After figuring out how parameters should change:
- The learningRate controls how big each adjustment is
- Smaller values make small, cautious changes
- Larger values make bigger, more aggressive changes
The method also uses "momentum," which is like inertia:
- If parameters have been moving in a certain direction, they tend to keep going
- This helps navigate flat regions and avoid getting stuck in local minima
- Think of it like rolling a ball downhill - it builds up speed in the right direction
After updating all parameters, the gradients are cleared to prepare for the next training batch.

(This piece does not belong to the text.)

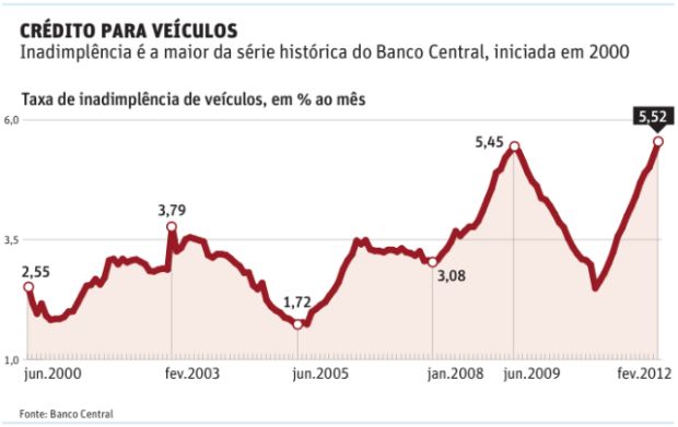 Os sucessivos recordes na venda de veículos no país tiveram reflexo na inadimplência do setor. Em fevereiro, a taxa considerando atrasos acima de 90 dias chegou a 5,52% da carteira de crédito para pessoa física, o maior patamar da série do Banco Central, iniciada em 2000.

UpdateParametersGpu(IGpuOptimizerConfig)
GPU-resident parameter update with polymorphic optimizer support. Updates all weight tensors directly on GPU using the specified optimizer configuration.
public override void UpdateParametersGpu(IGpuOptimizerConfig config)
Parameters
configIGpuOptimizerConfigGPU optimizer configuration specifying the optimizer type and hyperparameters.